EXTRACTED DATA below:
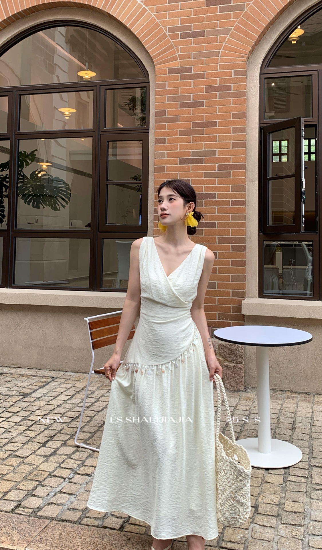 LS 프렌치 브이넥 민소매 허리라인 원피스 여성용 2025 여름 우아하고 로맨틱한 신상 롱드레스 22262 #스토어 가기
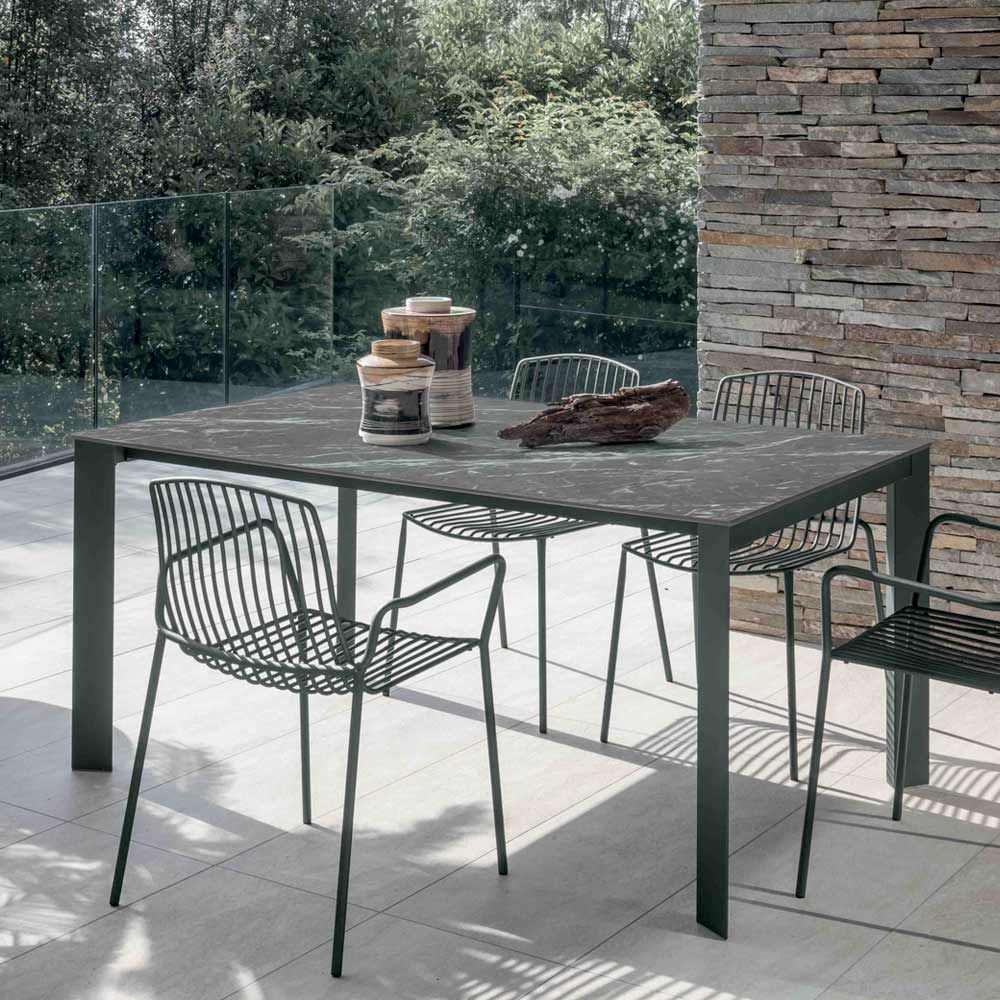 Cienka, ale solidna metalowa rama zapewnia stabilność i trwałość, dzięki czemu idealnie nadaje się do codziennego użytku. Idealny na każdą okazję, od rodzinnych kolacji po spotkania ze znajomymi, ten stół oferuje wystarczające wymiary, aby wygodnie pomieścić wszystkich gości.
End of EXTRACTED DATA.
EXTRACTED DATA below:
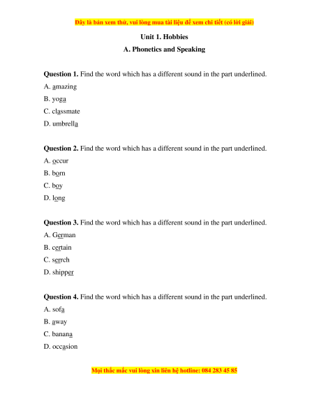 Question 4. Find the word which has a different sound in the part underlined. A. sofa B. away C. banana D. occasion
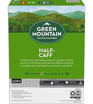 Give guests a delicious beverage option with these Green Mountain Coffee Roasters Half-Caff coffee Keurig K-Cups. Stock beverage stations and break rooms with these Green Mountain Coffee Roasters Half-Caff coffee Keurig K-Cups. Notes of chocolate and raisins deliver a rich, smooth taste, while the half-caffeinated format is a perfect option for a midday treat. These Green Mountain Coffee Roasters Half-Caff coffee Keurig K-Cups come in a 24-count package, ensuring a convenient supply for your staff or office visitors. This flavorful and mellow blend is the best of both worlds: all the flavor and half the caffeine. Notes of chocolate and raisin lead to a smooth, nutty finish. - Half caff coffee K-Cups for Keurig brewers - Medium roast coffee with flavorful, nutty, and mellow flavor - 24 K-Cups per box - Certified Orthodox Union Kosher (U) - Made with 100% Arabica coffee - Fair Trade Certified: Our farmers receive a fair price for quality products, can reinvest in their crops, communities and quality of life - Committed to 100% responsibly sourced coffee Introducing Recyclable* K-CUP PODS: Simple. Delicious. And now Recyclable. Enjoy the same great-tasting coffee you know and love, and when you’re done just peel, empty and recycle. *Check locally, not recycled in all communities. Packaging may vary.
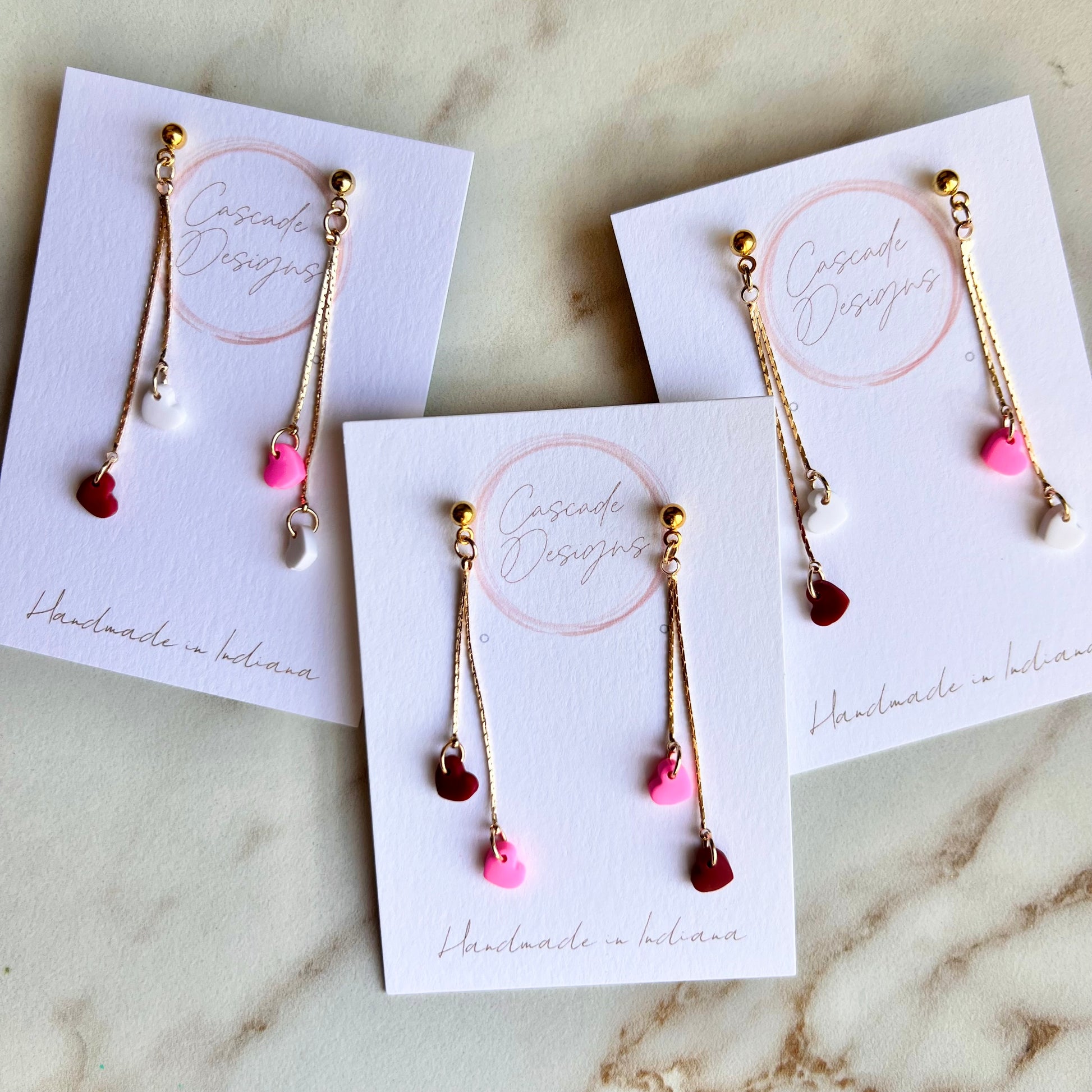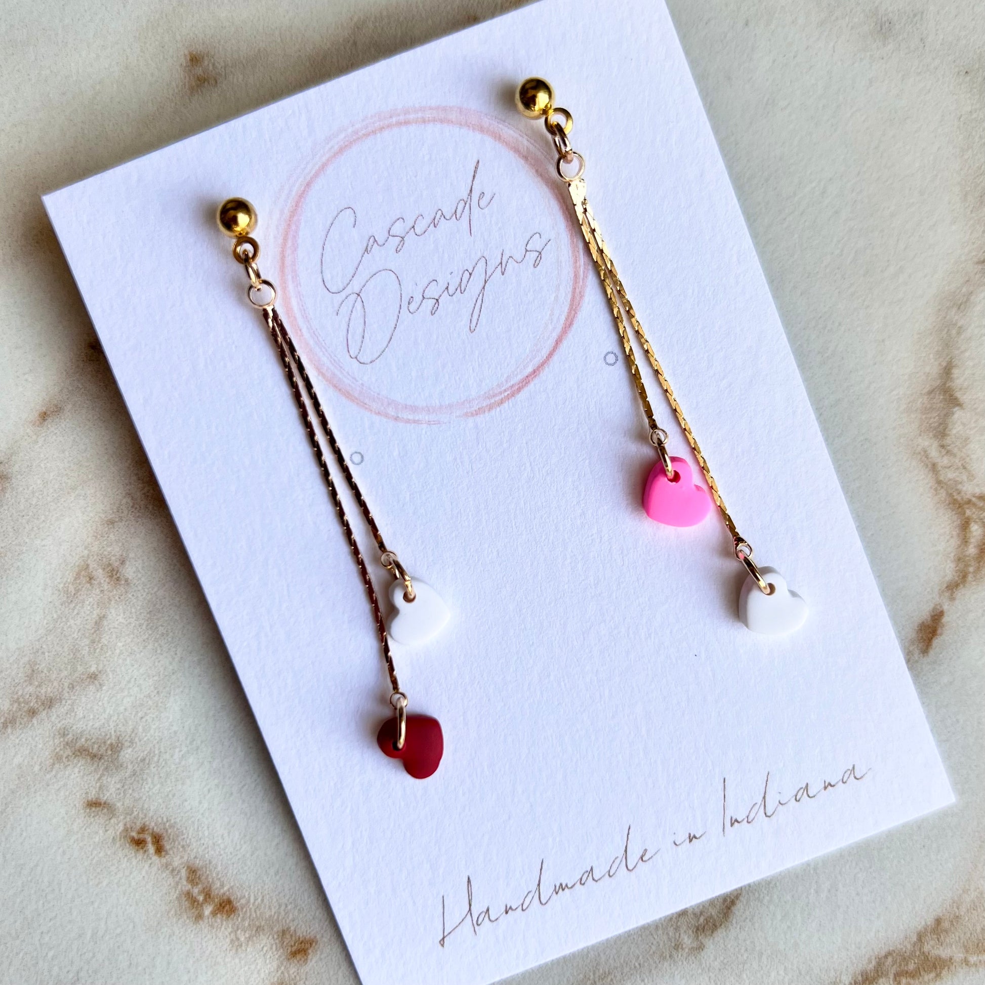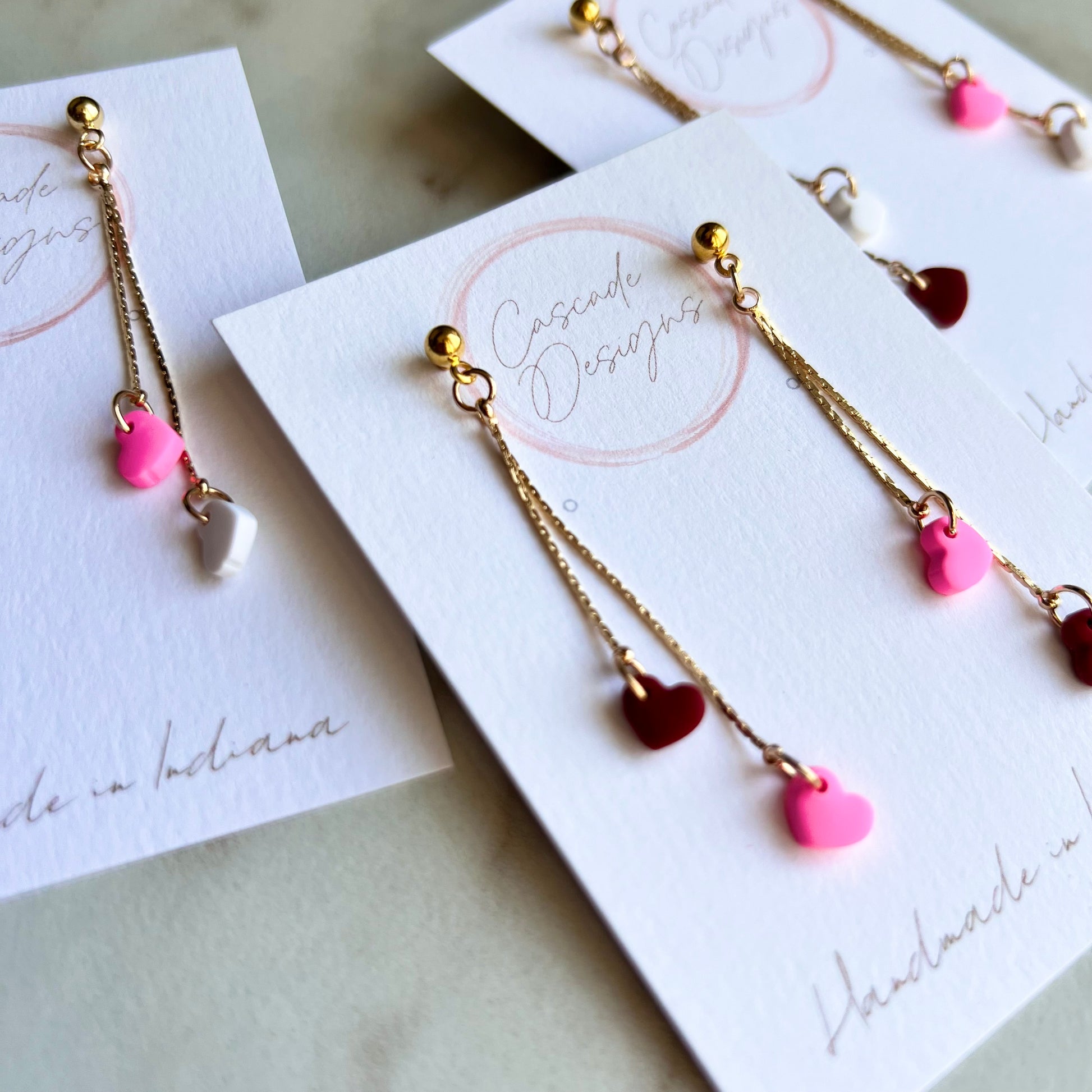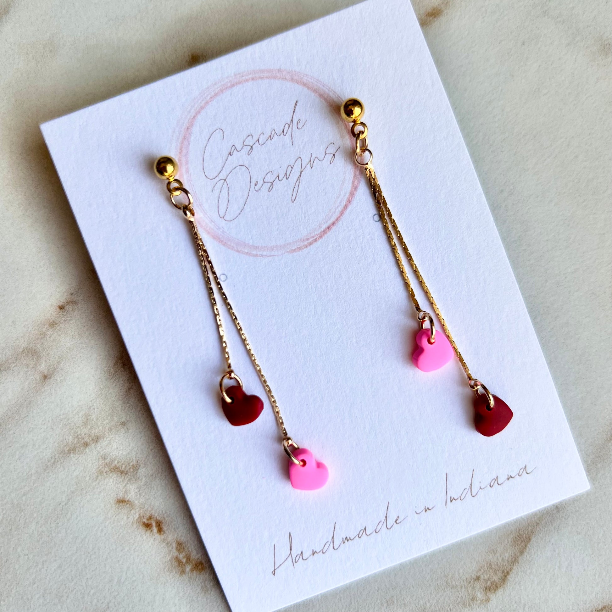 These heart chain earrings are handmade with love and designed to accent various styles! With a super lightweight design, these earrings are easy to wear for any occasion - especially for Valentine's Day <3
End of EXTRACTED DATA.
EXTRACTED DATA below:
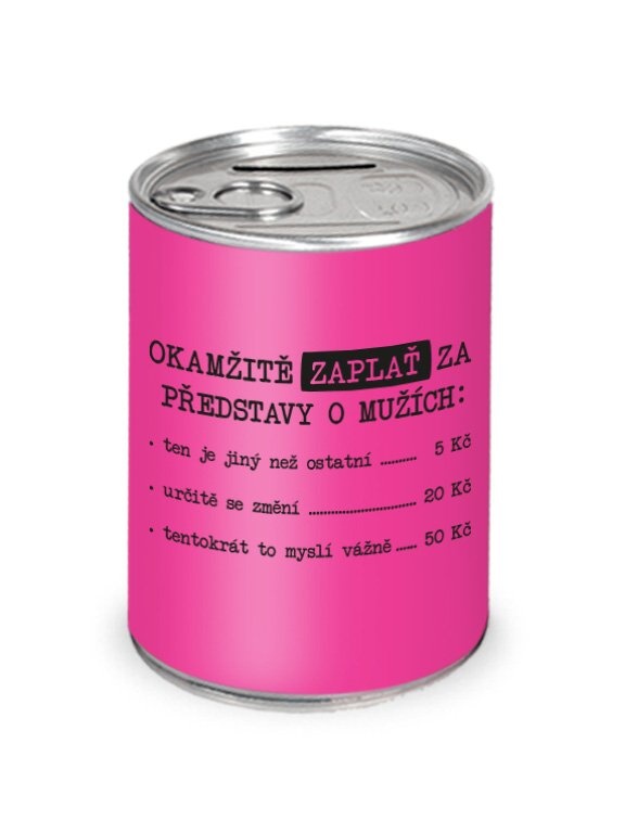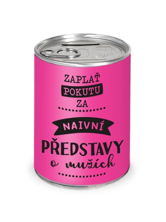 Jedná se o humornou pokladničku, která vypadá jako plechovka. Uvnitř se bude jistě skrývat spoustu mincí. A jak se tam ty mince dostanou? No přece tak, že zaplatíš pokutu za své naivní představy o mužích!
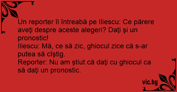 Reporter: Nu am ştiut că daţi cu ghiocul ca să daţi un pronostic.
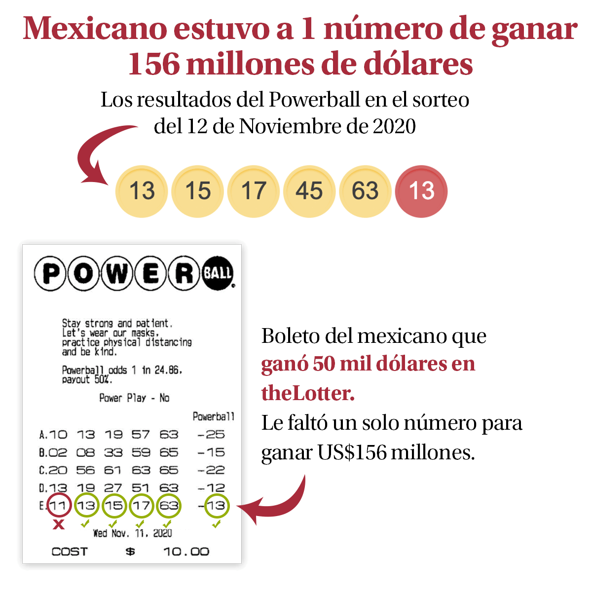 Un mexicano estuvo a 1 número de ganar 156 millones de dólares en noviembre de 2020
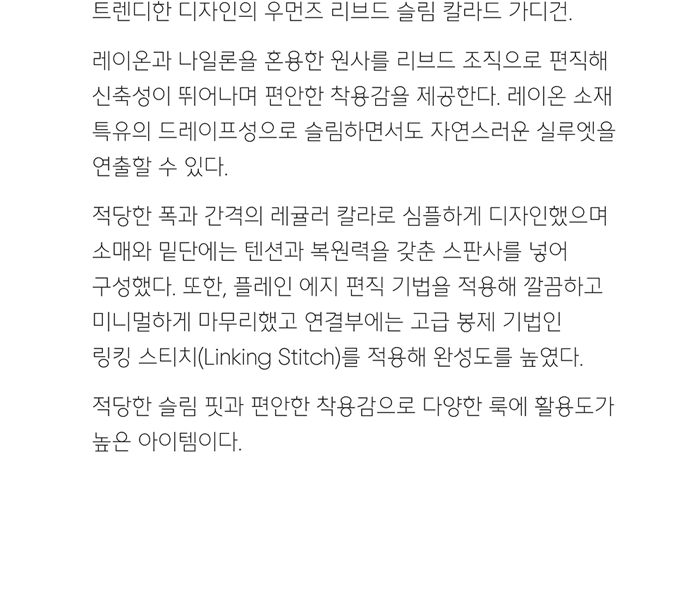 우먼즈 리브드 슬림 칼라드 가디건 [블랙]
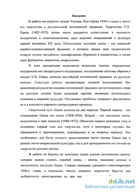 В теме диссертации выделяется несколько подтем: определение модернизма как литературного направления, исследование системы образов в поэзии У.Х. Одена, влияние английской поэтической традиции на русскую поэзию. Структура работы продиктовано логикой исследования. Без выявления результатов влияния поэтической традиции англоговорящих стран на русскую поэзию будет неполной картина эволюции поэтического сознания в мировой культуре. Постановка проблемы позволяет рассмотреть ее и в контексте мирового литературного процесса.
End of EXTRACTED DATA.
ACTIVITY:
With the pictures omitted, copy the entries above exactly from the line containing "우먼즈 리브드 슬림 칼라드 가디건 [블랙]" through the line containing "В теме диссертации", both lines included.

EXERCISE SOLUTION:
 우먼즈 리브드 슬림 칼라드 가디건 [블랙]
 В теме диссертации выделяется несколько подтем: определение модернизма как литературного направления, исследование системы образов в поэзии У.Х. Одена, влияние английской поэтической традиции на русскую поэзию. Структура работы продиктовано логикой исследования. Без выявления результатов влияния поэтической традиции англоговорящих стран на русскую поэзию будет неполной картина эволюции поэтического сознания в мировой культуре. Постановка проблемы позволяет рассмотреть ее и в контексте мирового литературного процесса.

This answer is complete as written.